Another driver for mobile learning is the fact that people are more and more on the move. In 2008, the Economist magazine published a special report on “The New Nomadism.” Because of our increased mobility, people are less likely to want to stay in one place in order to attend school for training in a specific location. With the new possibilities of connectivity to information from wherever we are, there is no need to hang around home base.
This new ability to move using improved transportation systems has led to the creation of entire categories of mobile workers, especially those in field services, and in sales. As well, our ability to move has led to people live at an increased distance from their workplace, making telecommuting very attractive. The shedding of permanent full-time jobs and their replacement by temporary and part-time service jobs that can be done at home or by virtual teams has also increased the attractiveness of learning from any location at any time.
Of course, much as been made of the new generation that is entering the workforce in terms of their intimate knowledge of computers and mobile devices. But I think that this is been overblown as a driver, in that the use of mobile learning needs to make business sense rather than simply catering to the desires of a new set of workers. Yet, there’s no denying that many of us, and all ages, become very attached to our mobile phones and tablets. There’s even a psychiatric condition called “nomophobia” to describe those who become anxious when not in the presence of their mobile phone, or when their batteries run out. The British Post Office has actually done a research study on this condition.
Finally, and perhaps most importantly for the corporate training audience, there are solid business reasons for the adoption of mobile learning. First, the widespread deployment of mobile phones means that an infrastructure for mobile learning is already in place. This means that there is already a communication device in the pockets of most workers, with access to email, texting and the Internet.

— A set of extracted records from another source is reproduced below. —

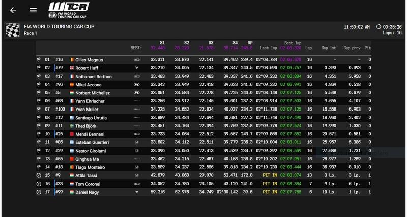 Completano la top ten Santiago Urrutia, Thed Bjord e Mehdi Bennani che ha recuperato sei posizioni rispetto alle qualifiche. Vanno in zona punti anche Esteban Guerrieri e Nestor Girolami soltanto undicesimo e dodicesimo, davanti a Qinghua Ma e Tiago Monteiro. Ritirati Attila Tassi, Tom Coronel, Daniel Nagy.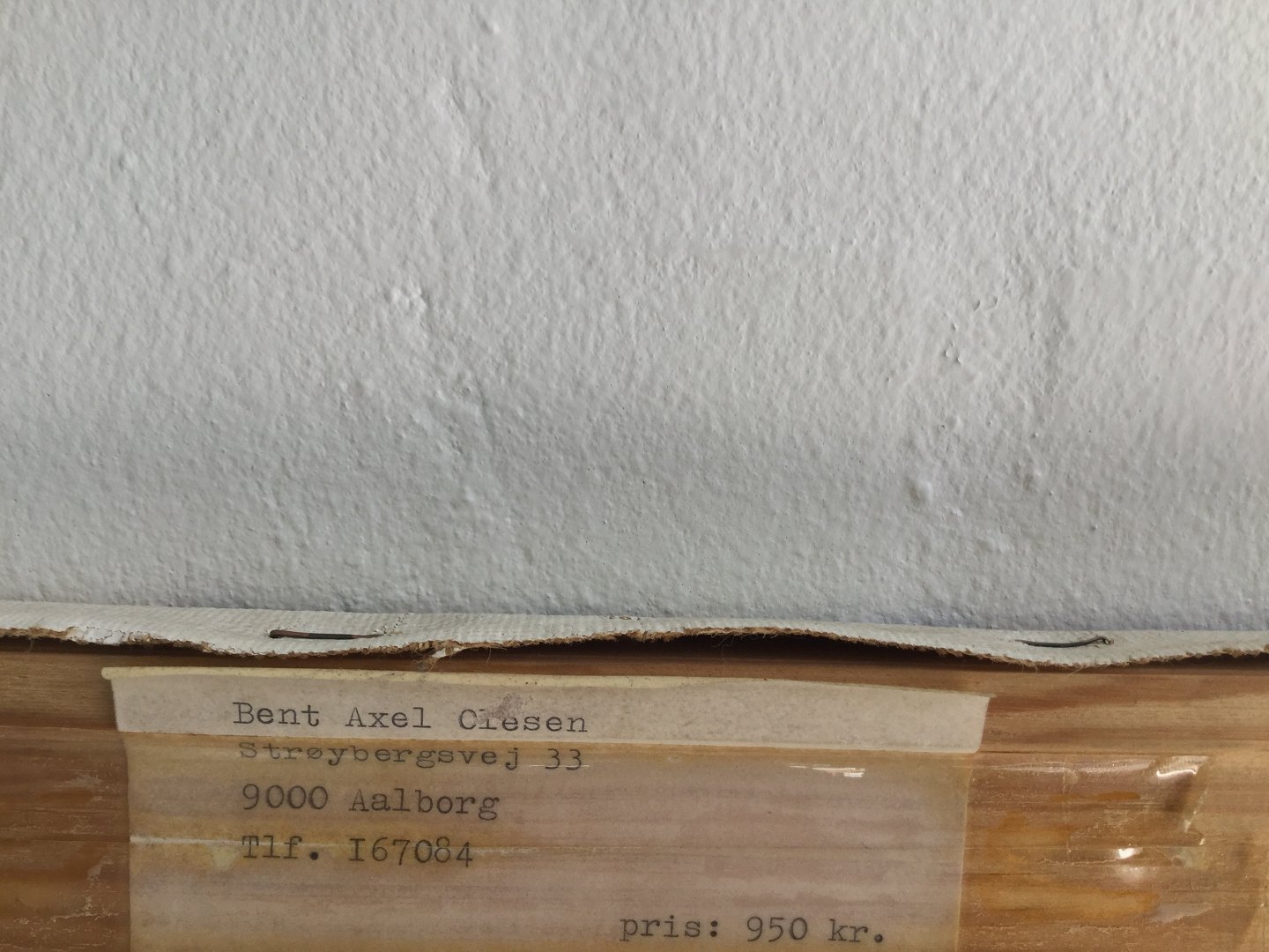 Maleri af Bent Axel Olesen - Huse ved solnedgang 1977.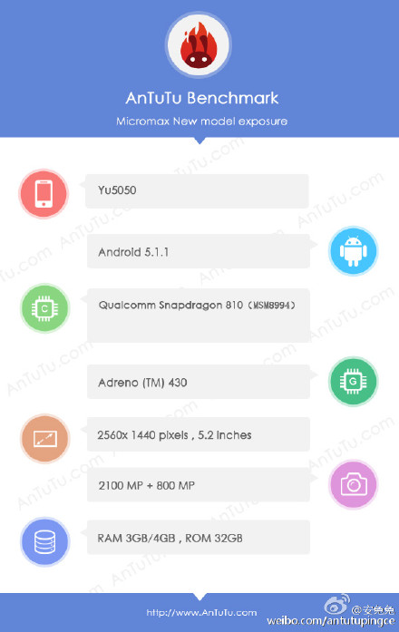 One of the weibo user posted the screenshot of Antutu that revealed the technical specifications and score. It would feature a 5.2-inch 2K display, Snapdragon 810 chipset, Adreno 430 GPU, 32 GB ROM, 21-megapixel front and 8-megapixel front camera. The RAM that showed up in Geekbench test was 4GB, and here it shows 3GB/4GB. Micromax may launch the device in two models. It would be running on Android Lollipop 5.1.1.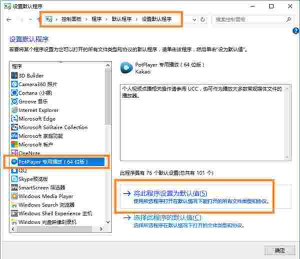 2、Win10系统,文件关联后要到控制面板“设置默认程序”才能完全生效,下图以PotPlayer为例(也可以在PotPlayer设置里“关联”-〉设置控制权)。
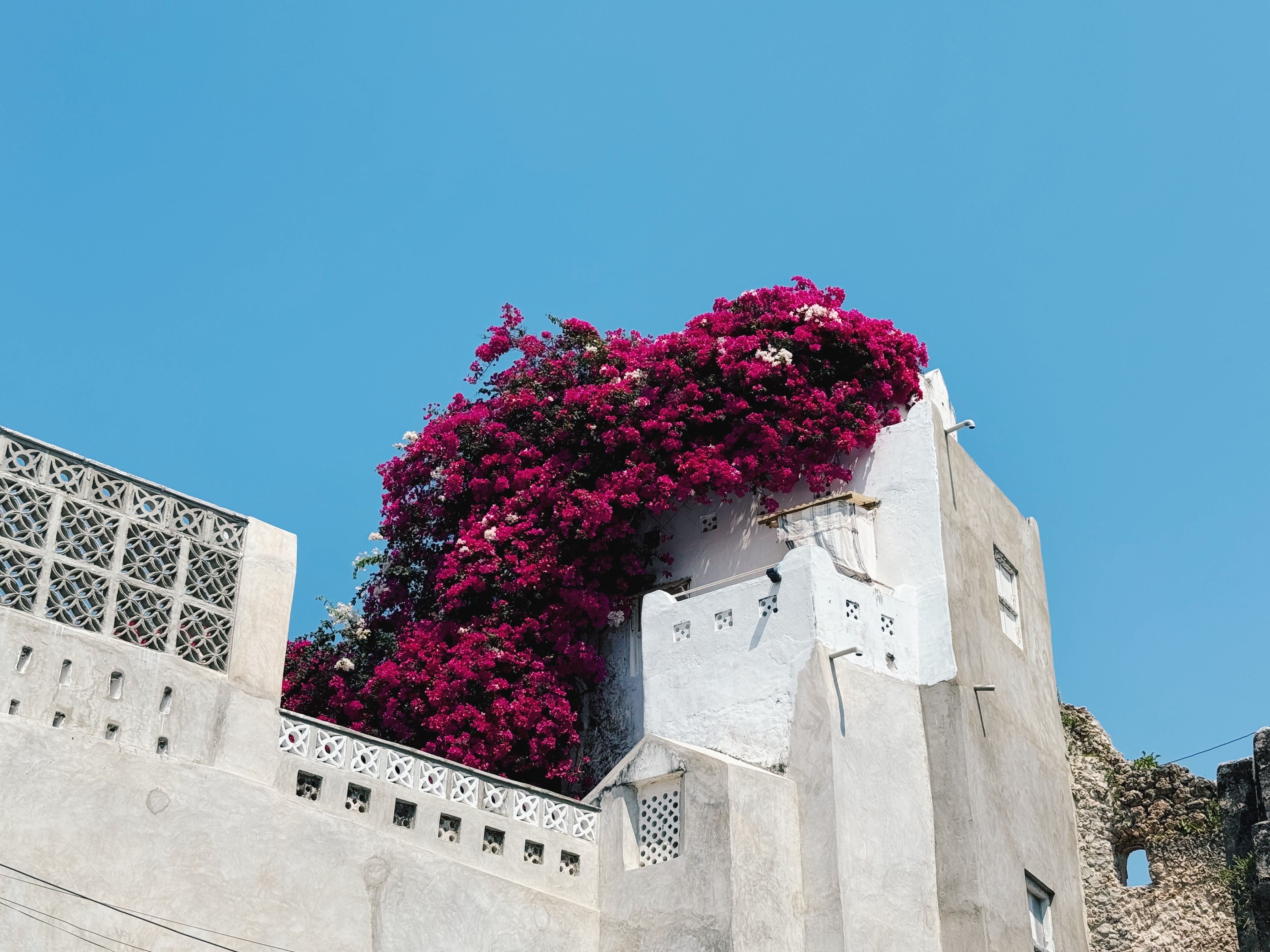 The town swayed into focus, and we docked on the wide waterfront promenade. Slip into an alleyway, though, and enter a different world: a maze of unnamed cobblestone streets and Swahili-style buildings made from locally harvested coral, twisting, looping, and zig zagging through cool shade and dazzling sunlit passageways. There are no cars on the island – the only traffic jams are of the donkey variety (watch where you step!). You might turn a corner just as the distant call to prayer rings out, and encounter a cascade of the brightest bougainvillea, and you just might be transported.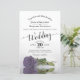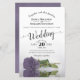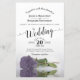 This beautiful budget or affordable wedding invitation features a romantic design with a single long-stemmed lilac, lavender, or dusty purple coloured rose laying on its side and reflecting in a pool of water. The typography features lacy script calligraphy and a sophisticated layout. The back is a deep marbled violet or purple colour. Wonderful way to invite your friends and family to share in your joy on your special day.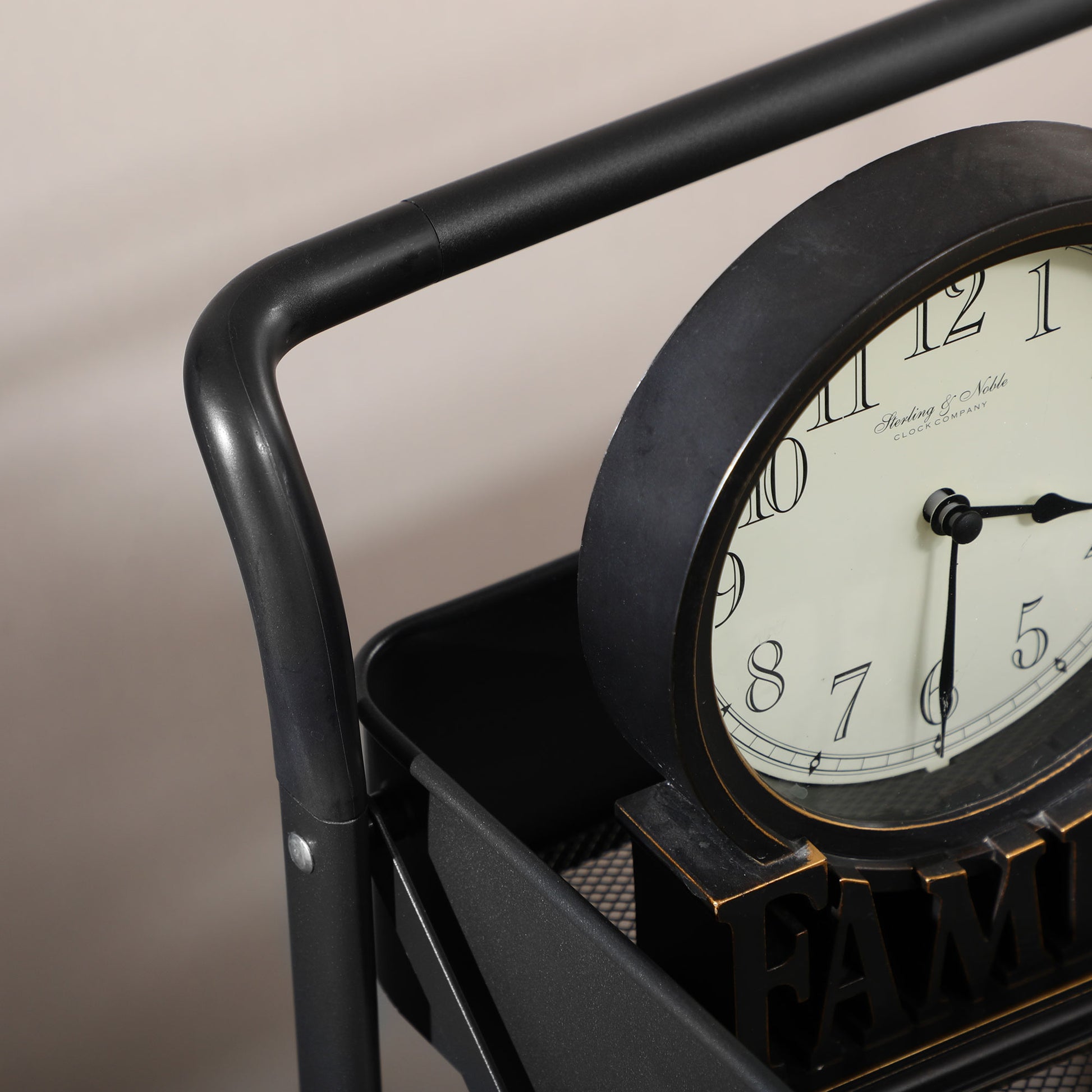 3 Tier Storage Trolley Utility Cart Foldable Rolling With 3 Mesh Baskets, 4 Removable Hooks for Living Room, Laundry and Kitchen, Black
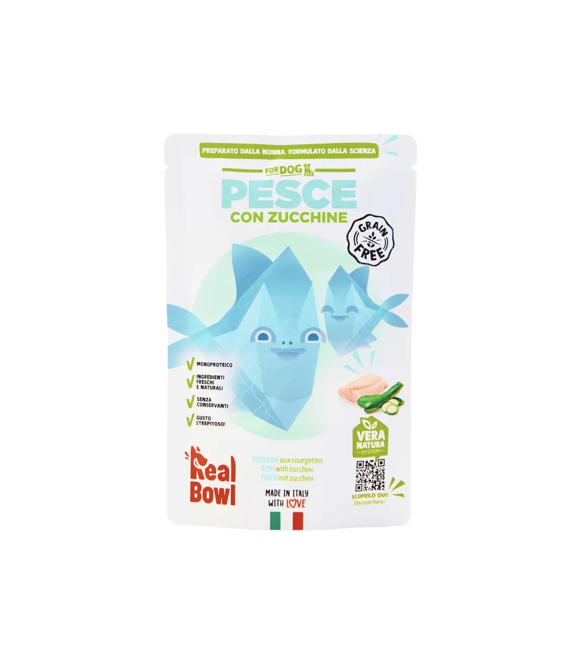 Real Bowl Pesce Grain free è un alimento completo per cani di tutte le taglie con unica fonte proteica di origine animale.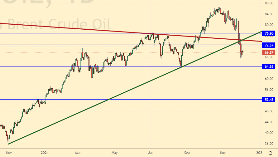 Judging by how quickly fears about the omicron strain diminish, oil will not be under pressure from the pandemic. It cannot be ruled out that prices will fall to the level of $ 60.00 per barrel of Brent crude, but lower levels are unlikely to be reached, since if this happens OPEC + will certainly reduce the supply on the market. And those who are lucky enough to be born inside the golden billion will have to hope that in a severe frost there will be at least some wind, and this is not a joke. If wind generators stop in winter, London and Paris have a risk of freezing.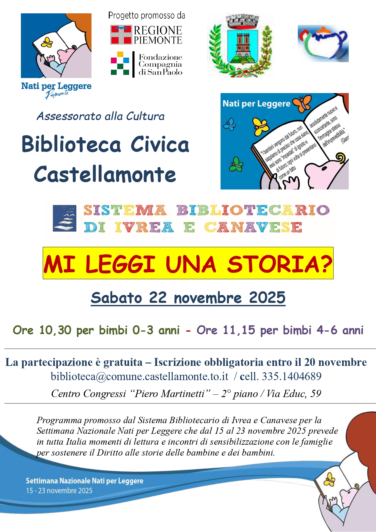 Laboratorio di lettura animata per bimbi 0/3 e 4/6 anni in occasione della Settimana Nati per Leggere - Sabato mattina 22 novembre presso la Biblioteca Civica "Carlo Trabucco" - La partecipazione è gratuita con iscrizione obbligatoria

Mobile learning, when properly designed, can be described as “just in time, just enough and just for me.” Researchers have found that it improves retention in learning, because what is learned is relevant to the situation at hand. Mobile learning has the potential to leverage the “idle time” of workers on the move, who would likely otherwise be unproductive. On the other hand, people need time off, and the use of mobile learning can be seen in some situations as a way of unfairly increasing workloads without compensation.
Mobile learning has potential to change the way people work together. It can result in increased collaboration and sense of community, and give employees up-to-date information that they need in their jobs. At the same time, such information can be personalized and contextualized according to each person’s work situation. In short, mobile learning has “come of age.”